╭─ DATA FOR THIS TASK
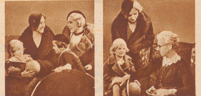
„Heutzutage braucht blondes Haar nicht dunkel zu werden. Endlich gibt es ein Mittel...“
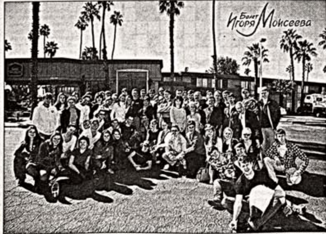
Слева: труппа Ансамбля народного танца имени И. Моисеева в США. Справа: афиша гастроль.

Впервые артисты Государственного академического ансамбля народного танца имени Игоря Моисеева отправляются в турне без своего руководителя, попутная тур памяти Маэстро. Коллектив выехал на гастроли в составе 80 человек с танцами, в разные годы поставленными Игорем Александровичем: это оскот молдавских танцев "Жок", русская "Полочка", заочительная "Апарочка", темпераментный "Бриут" и другие, а завершил концерт оскотный балет на музыку А. Бородина "Половецкие пляски". Премьера состоялась в Вашингтоне. Концерт прошёл с огромным успехом, при полном аншлаге. Зрители долго не отпустили артистов. Всего за два месяца гастрольной коллективе выступили в 32 городах Америки, включая Бостон, Нью-Йорк, Чикаго, Лос-Анджелес, Сан-Франциско, после сорочительного перелёта ансамбль выступил асю Флориду и завершил гастроль в Майами.
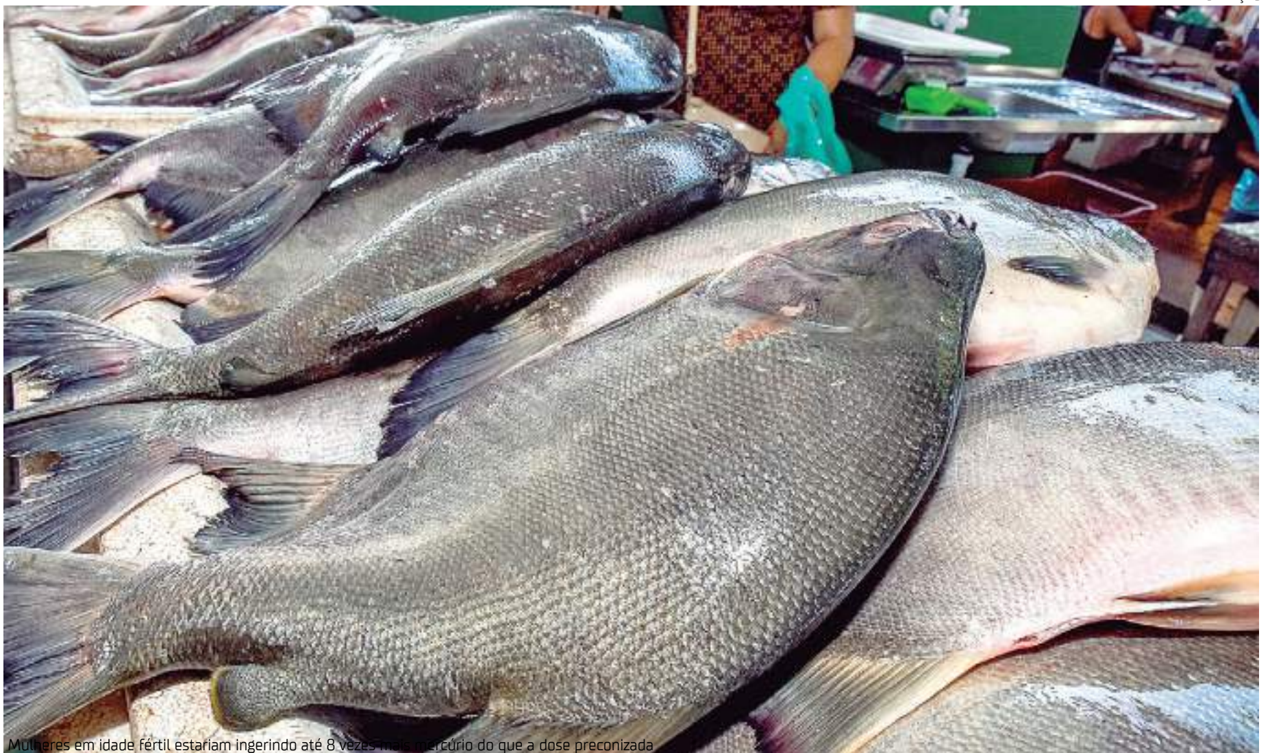
Mulheres em idade fértil estariam ingerindo até 8 vezes mais mercúrio do que a dose preconizada

A quantidade de mercúrio recomendada pela Anvisa é de até 0,5µg (micrograma) por grama de tecido muscular. Entretanto as análises de todos os animais indicaram
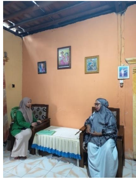
Gambar VIII Anggota Arisan
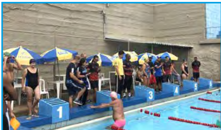
Primeira etapa da 2ª Copa JF de Natação no mês de abril
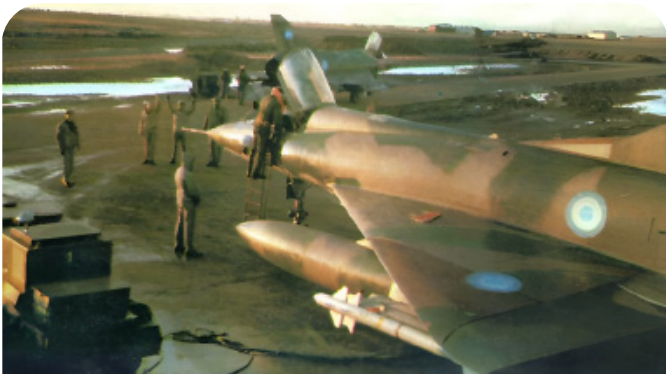
Avión de combate M-5 Dagger
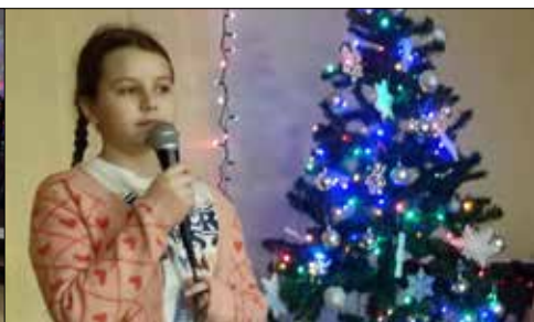
„Józefinka”: zorganizowano konkurs MAM TALENT
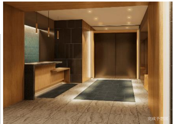
コンシェルジュデスク

※サービス内容は変更もしくは中止になる場合がございます。また、サービスは時間や内容によっては、お受けできかねる場合がございます。一部有料となるサービスがございます。
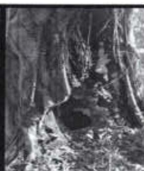
Se atiende reporte de un árbol incendiándose en la Y griega.
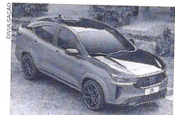
Carro conceito recebeu acessórios originais e também itens de personalização exclusivos, reforçando a esportividade e sofisticação do Fiat Fastback
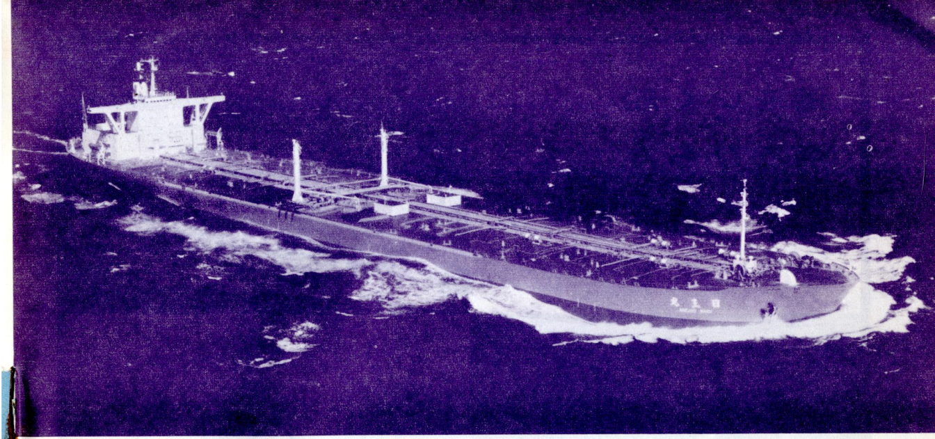
山下新日本汽船・日正汽船共有の大型タンカー日王丸。日立造船堺工場で3月15日竣工。238,731重量トン。
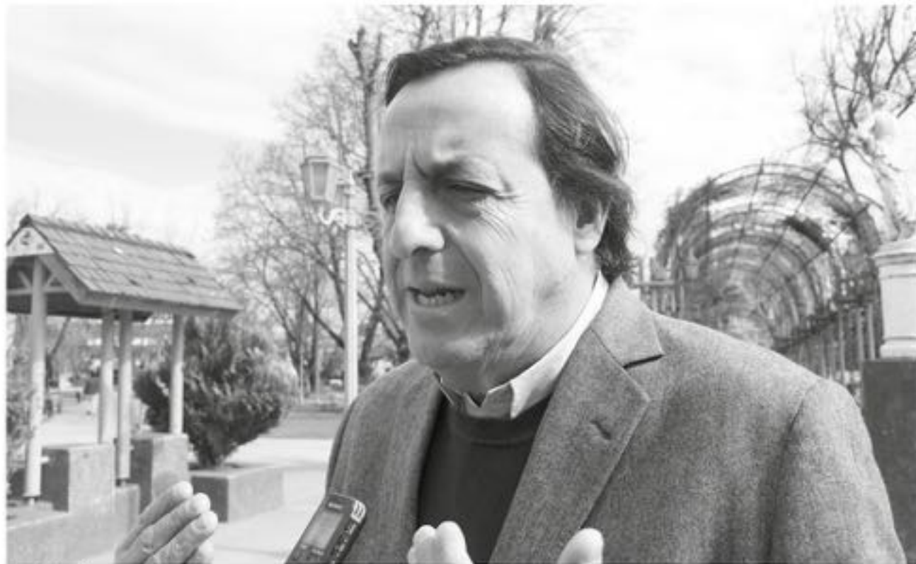
SEGÚN PÉREZ VARELA, nadie en la UDI ha propuesto renegar de la figura de Pinochet ante la redacción de una nueva declaración de principios por parte del partido.

senador UDI circunscripción Biobío Cordillera.
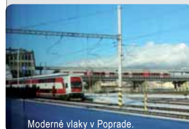
Moderné vlaky v Poprade.
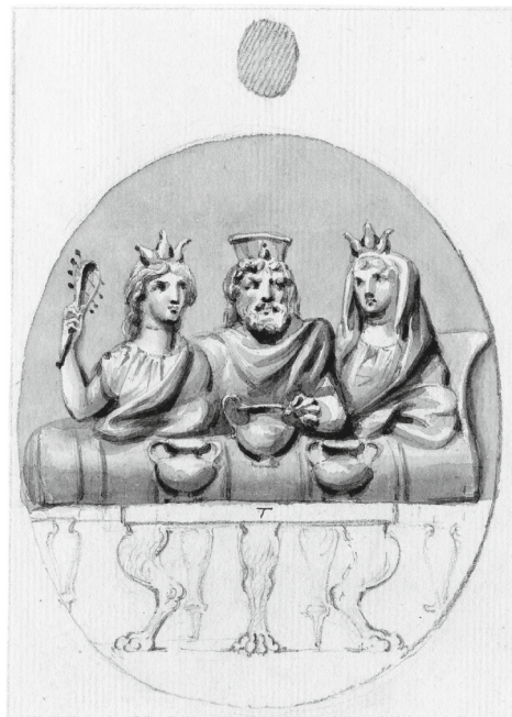
Figure 30 - Dessin à l'encre : British Museum, Londres, 2010,5006.1418.
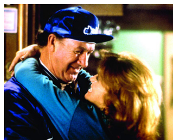
1984 SOLEIL D'AUTOMNE (Twice in a life time) de Bud Yorkin avec Ann-Margret
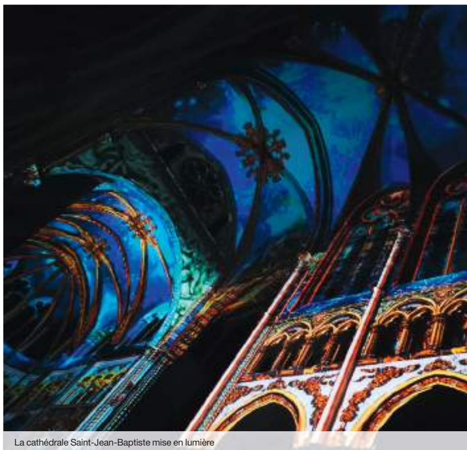
La cathédrale Saint-Jean-Baptiste mise en lumière

L'association Lyon-Cathédrale qui a pour but de faire connaître les valeurs historiques, culturelles, artistiques et spirituelles de la primatiale Saint-Jean-Baptiste, se prépare pour que le spectacle LYON NÉE DE LA LUMIÈRE puisse être présenté au public à l'automne prochain, du 22 octobre au 11 novembre 2021.
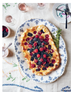
Bild 5 Seite 35 Galette mit Früchten
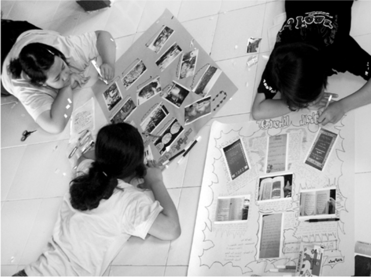
Foto 3. Peserta bekerja menyusun hasil pemotretan dan menuliskan narasi.
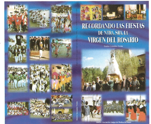
Recordando las Fiestas de Ntra. Sra. la Virgen del Rosario.
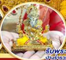
รับพระพิฆเนศวร ปางรำรอยทานละ 1 องค์
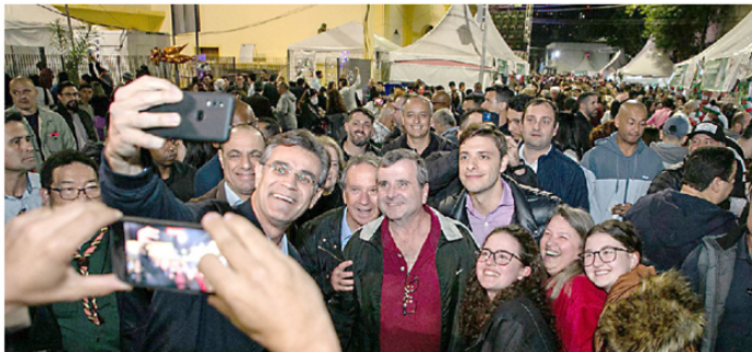
Governador Rodrigo Garcia saboreou as iguarias da Festa Italiana, no último sábado, recebeu o carinho da população e aproveitou para fazer fotos e selfies
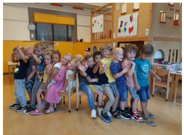
Groep 1/2 C
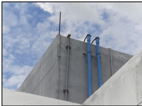
รูปที่ 1-3 ถังเก็บน้ำใช้บนดาดฟ้า
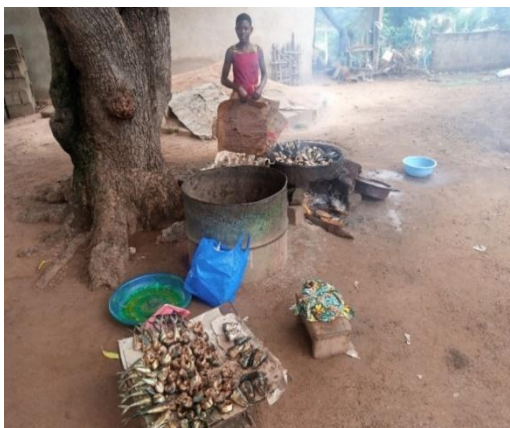
Photo n° 2 : Une aide-fumeuse en pleine activité

Ainsi, les espèces de poissons soumis au fumage à Katiola sont variées. Les fumeuses principales propriétaires des sites de fumage achètent le poisson frais à la poissonnerie en vue de le fumer. La quantité achetée varie d'une fumeuse à une autre en fonction de leur pouvoir d'achat. Cette quantité varie d'un carton à 5 cartons. Le poids des cartons de poisson varie de 10 kg à 20 kg et est fonction de l'espèce de poisson (Cf. Tableau n2).
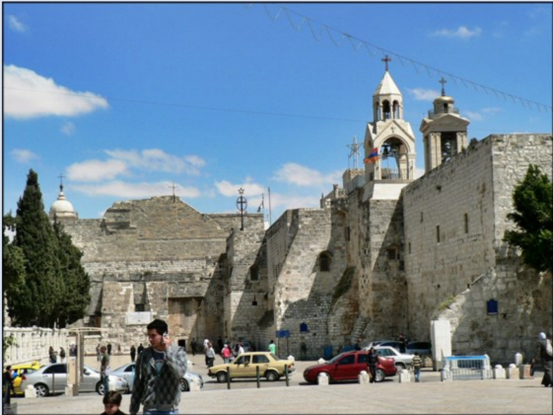
Dotarliśmy do Bazyliki Narodzenia
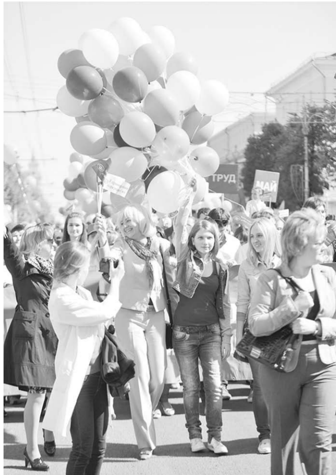
На волнах праздника.
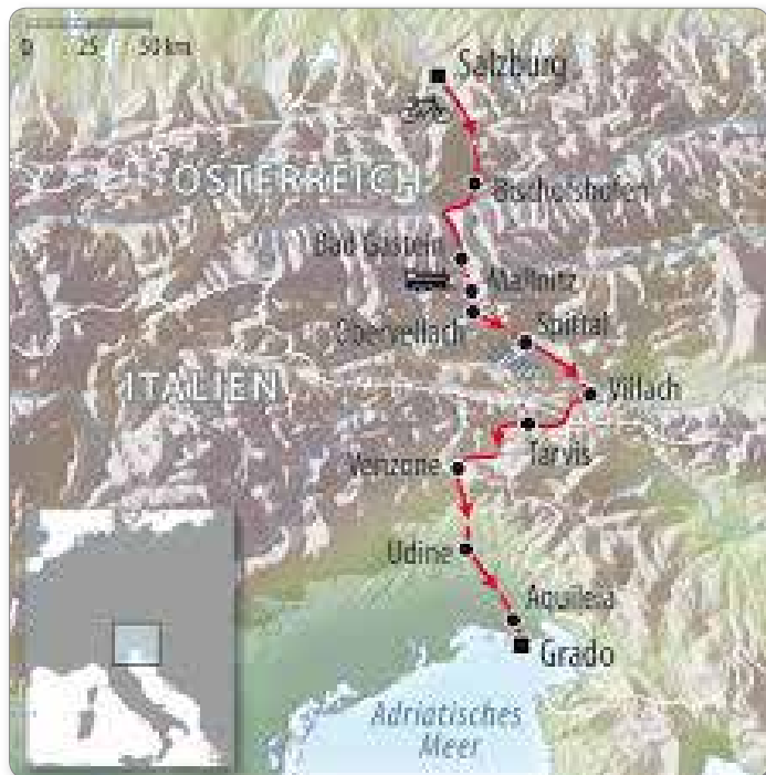
Trasa kolesarske poti.

navigacijo na telefonu sva končno našla hotel in ko sva kolesi parkirala v hotelski depo, je že deževalo. Naslednje jutro sva si ogledala stari del mesta, nato pa krenila proti Palmanovi. Mesto, ki je znana »shopping« destinacija, ima ogromen okrogel trg z obeliskom na sredini. Do morja je manjkalo le še 30 km, zato sva močneje pritisnila na pedale in kmalu se je začutil vonj po morju. Še nekaj blagih vzpetin in pred nama se je razširilo morje. Prispela sva na cilj v Gradež. Še obvezen »selfie« za konec poti ALPE-ADRIA. Števec je kazal 407 km. S tem pa najine poti še ni bilo konec. Gradež nima železniške povezave, zato sva kolesarila naprej do Devina, kjer sva prenočila in se naslednji
╰─
PROBLEM STATEMENT ▸
Without the pictures, give again exactly the lines above starting at the line containing "Carro conceito recebeu" and ending at the line containing "山下新日本汽船・日正汽船共有".

RESPONSE BOX ▸
Carro conceito recebeu acessórios originais e também itens de personalização exclusivos, reforçando a esportividade e sofisticação do Fiat Fastback
山下新日本汽船・日正汽船共有の大型タンカー日王丸。日立造船堺工場で3月15日竣工。238,731重量トン。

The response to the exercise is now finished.